Though the mountain bike world is currently in the grips of a 27.5"/650b revolution, onlookers should remind themselves that it's hardly a wheel size that was merely created out of thin air. Rather, it's actually a resurrection of a format that was in place in the early days of the sport before the wider availability of 26" tires made it the dominant standard.

Ritchey recently debuted its new P-27.5 at this year's DealerCamp event with appealing stats such as a 2.02kg (4.47lb) butted, TIG-welded steel frame and an attainable retail price of US$1,100. On display right next to it at Interbike, however, was another 27.5"-wheeled bike that Tom Ritchey built for himself more than thirty years ago.

That fillet brazed bike is now owned by a collector in the San Francisco Bay Area but he's admirably kept it in mostly vintage form – including Campagnolo and Huret friction front and rear derailleurs, giant Sachs four-finger brake levers, and a well worn-in Brooks leather saddle.
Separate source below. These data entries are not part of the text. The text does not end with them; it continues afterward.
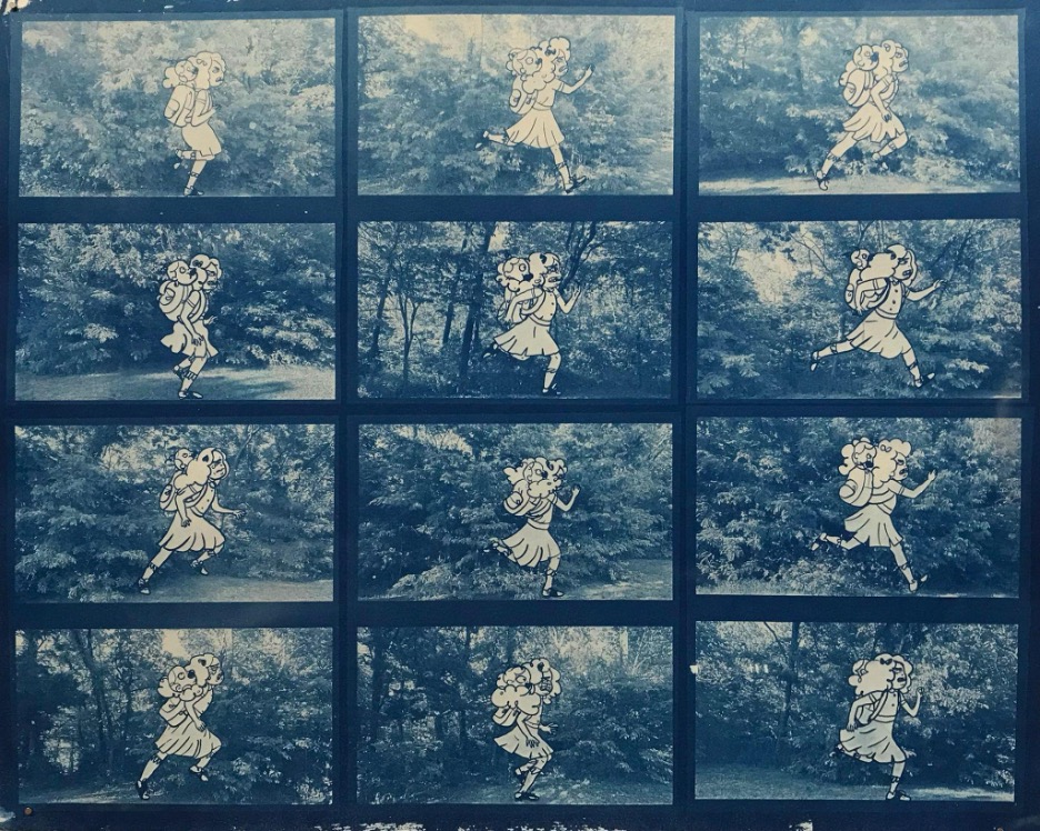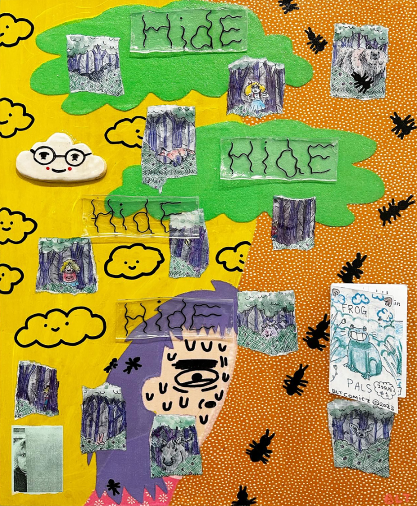 In 2018, I made Seattle’s Hike. It was a sequential story of Seattle hiking through the woods because she is mad at her family. I used acrylic paint on wood panel for the backgrounds. For the foreground and main characters, I made collages made of pressed flowers, sharpie drawings on lined notebook paper cut-outs, imagery from national geographic magazines, and ferns from my bedroom.
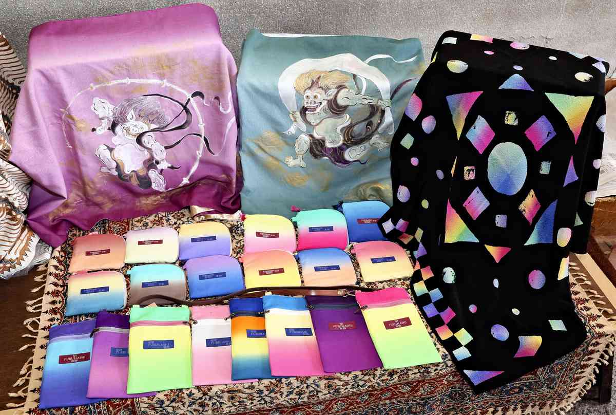 Smartphone cases, furoshiki wrapping cloths and other items that have been prepared with the bokashi technique
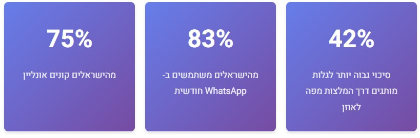 - 78% מהלקוחות רוכשים מהספק הראשון שעונה להם.
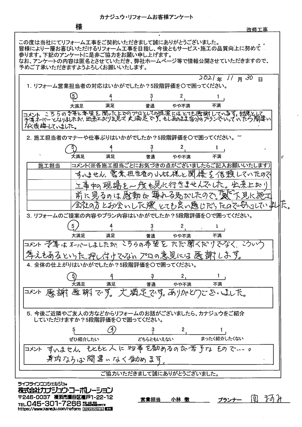 カナジュウでリフォーム・リノベーションをさせていただきました、 お客様から寄せられたアンケートをご紹介いたします。
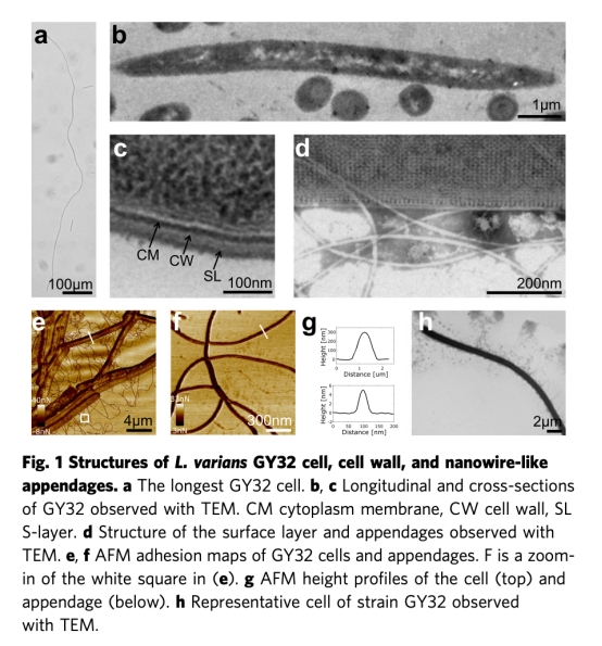 本文首次報道了一種絲狀革蘭氏陽性菌(Lysinibacillus varians GY32)具備雙向胞外電子傳遞(EET)能力。該菌株可在微生物燃料電池(MFC)中形成厘米級導電細胞網絡,細胞長度可達1.08毫米。通過原子力顯微鏡(AFM)和微電極分析,發現其導電性與類似菌毛的蛋白質附屬物相關。結果表明長距離電子傳遞(LDET)不僅限于革蘭氏陰性菌。
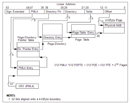 (사실 32비트 주소 변환 테이블에 돌려도 되긴합니다. 맥의 심볼 정보에선 64비트 주소체계더라도 PML4 형식에 맞춰 하위 48비트 주소를 이용하는데, 이 중 상위 16바이트는 사실상 없어도 크게 문제가 없는 듯 합니다. 아무래도 커널 자체가 32비트로 로딩되다보니, 32비트 페이지맵과 64비트 페이지맵 둘다 맵핑 가능하도록 구현된 것 같습니다.)
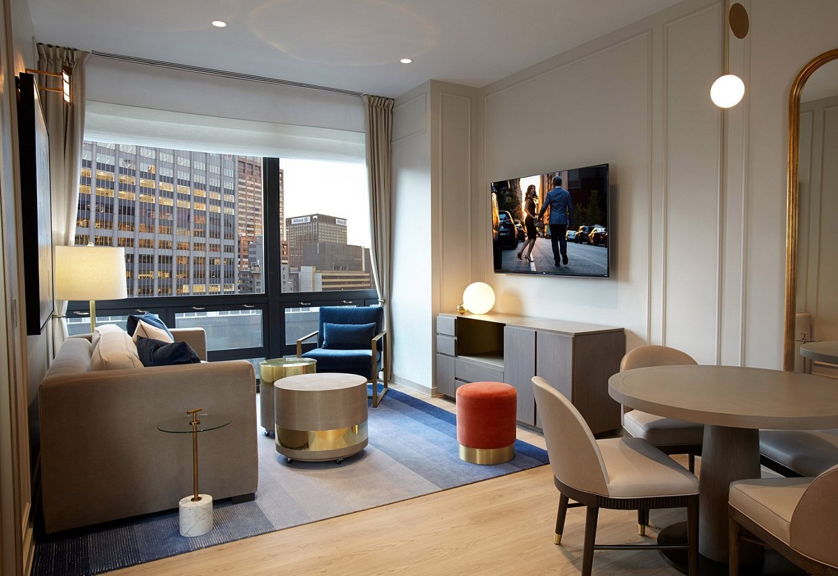 Our studios and suites are located on floors 44–46 of the New York Hilton Midtown in the center of Manhattan. Central Park, Times Square, and Carnegie Hall are all within a half-mile walk. Park views, in-room spa facilities, a fitness facility, and an owners’ lounge are just a few of the amenities available. Private check-in on the 44th level and charge privileges are among the perks. From the morning through the evening, Herb n’ Kitchen offers a breakfast buffet, to-go snacks, brick-oven pizzas, and room delivery. The lobby lounge serves light meals, cocktails, and a wine list, while Bridges Bar specializes in Martinis. Charge privileges at the Hilton Midtown restaurants are included in your stay. This remarkable facility constantly offers a way to plug in or let go, from a 24-hour Fitness Center to a fully equipped Business Center and soothing lounge, all in characteristic New York style.
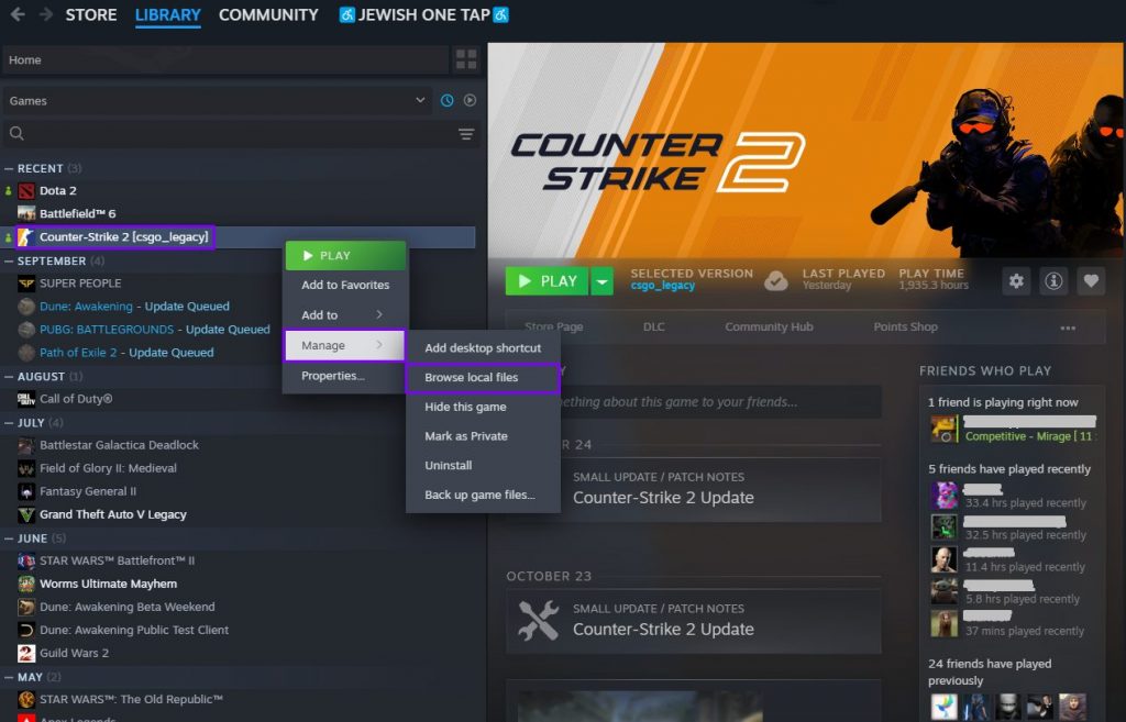 - 尋找CSGO.exe(蒸汽庫→反恐精英2(右鍵單擊)→管理→瀏覽本地文件)
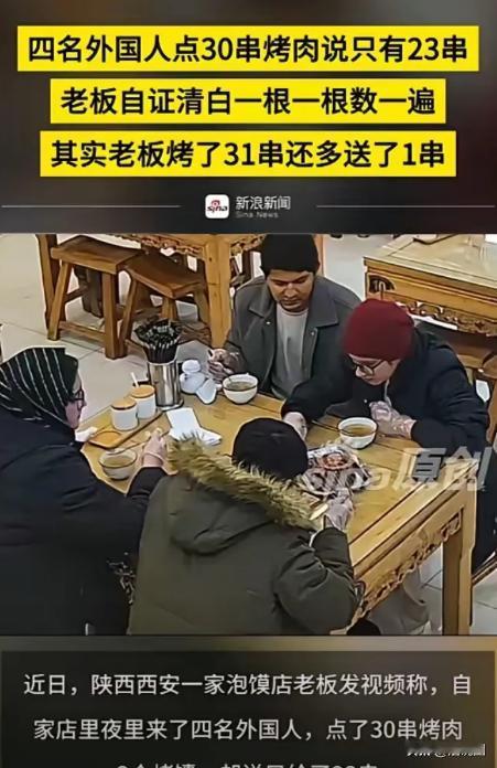 “滚回自己的国家!”近日,陕西西安,4名印度留学生去吃饭,当老板将烤肉端上桌时,他们称少了7串,老板让他们重新数,这才发现他们竟然是跳着数的,于是老板二话不说,直接将多送的那串拿走了,留下4人面面相觑。网友:活不起了! 事情发生在西安城南一条并不起眼的小巷里。夜幕降临,街边的烤肉摊烟火升腾,孜然和炭火混合的香味弥漫在空气中。 这家烤肉店开了多年,摊位不大,几张塑料桌椅,却因为分量实在、价格公道,在附近小有名气。 老板姓刘,四十多岁,说话直来直去,熟客都知道他“厚道”,只要生意不错,常常会多送一串烤肉,权当交朋友。 当天晚上,店里来了一桌特殊的客人——4名在西安求学的印度留学生。 几个人操着并不流利的中文,点单时反复确认价格,最终点了30串羊肉串、几份烤馕,还特意向服务员要了4碗免费的高汤。按照店里的规矩,高汤确实是免费提供的,老板也没多说什么。 烤肉很快上架,刘老板熟练地翻动铁签,油脂滴在炭火上“滋啦”作响。按照老习惯,他又顺手多烤了一串,打算一并端上去。很快,一大盘热气腾腾的烤肉被端到了桌上。 就在老板刚放下盘子准备转身时,其中一名编着小辫的留学生突然开口,用带着口音的中文说道: “老板,你这个不对,缺斤少两了。”这句话一出口,周围几桌客人都不由得抬头看了一眼。 老板愣了一下,随口问:“咋少了?” 对方语气笃定:“我们点了30串,现在不够。” 老板皱了皱眉,说:“不可能,我还多给了一串。” 几名留学生开始当着老板的面数串,可数的方式却让人有些看不懂——他们并不是一串一串顺着数,而是隔着数、跳着数,一边数一边低声交流。没一会儿,小辫小伙抬头说:“少了7串。”、 这下老板有点不高兴了。他把围裙一摘,直接走到桌前,把盘子往中间一推,说道:“来,你们别数了,我给你们数。” 在众目睽睽之下,刘老板拿起烤肉签,一串一串地往桌子上摆,嘴里清清楚楚地报数:“一、二、三……”数到三十的时候,他停了一下,又拿起最后一串:“三十一。” 老板抬起头,看着对方,语气平静却很硬:“你们只点了30串,现在是31串,这是我多送的。” 空气一下子安静了。几名留学生互相对视,脸上的表情明显有些尴尬。刚才还理直气壮的小辫小伙,此时低下头,没有再说话。 接下来的一幕,成了整段视频的“名场面”。刘老板二话不说,伸手把那多送的一串烤肉拿了回来,放回烤架旁,说了一句:“既然你们说少了,那这串就不送了。” 说完,他转身继续忙自己的生意,只留下那一桌人面面相觑。桌上的30串烤肉,依旧冒着热气,但气氛却变得格外微妙。 视频被旁边食客拍下并上传网络后,很快引发大量讨论。 网友们的评论几乎一边倒:“这下真是搬起石头砸自己的脚。”“本来白送一串,非要算计,结果一串都没占着便宜。”“老板干得漂亮,做生意可以厚道,但不能被当傻子。” 也有网友感慨:“活不起了吗?为了一串烤肉搞成这样。”更多人则为老板点赞,认为这种处理方式既不吵不闹,又守住了原则。 事后,有附近商户透露,刘老板并非第一次遇到类似情况,“他这个人其实挺好说话的,只要不耍心眼,能送就送。但你要是当面说他少给、坑人,他肯定不惯着。”
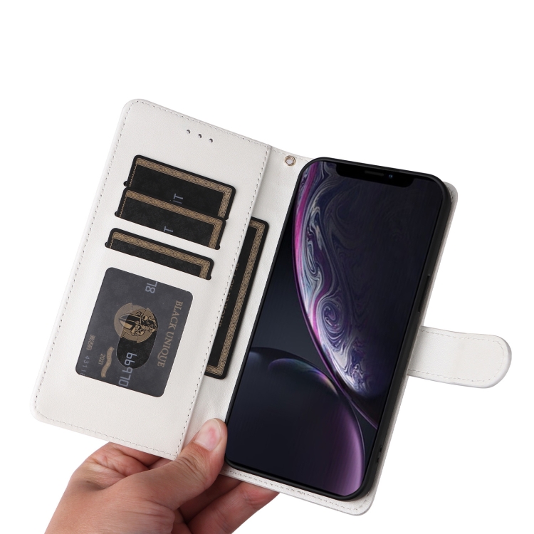 Funda para iPhone Xr Diamond Lattice de Cuero con Tapa para Teléfono (Blanco)

Frame geometry has obviously changed significantly since those early days but perhaps what that bike demonstrates is that we're not necessarily taking a blind step forward but instead returning back to our roots.

Ritchey wasn't just about paying homage to the past at its booth, though. We covered most of the new items at DealerCamp but additional bits included a new Torqkey preset 4Nm torque wrench with interchangeable bits, a new 29x2.1" Z-Max Evolution tire size, and a 700x35mm Z-Max Shield clincher for 'cross use.

Savvy readers will undoubtedly notice that that 35mm width puts it outside the UCI's maximum allowable tire size but no matter. Ritchey global marketing director Sean Coffey rightfully contends that the vast majority of amateur racers will never compete in a UCI-sanctioned event but will certainly benefit from the extra casing volume.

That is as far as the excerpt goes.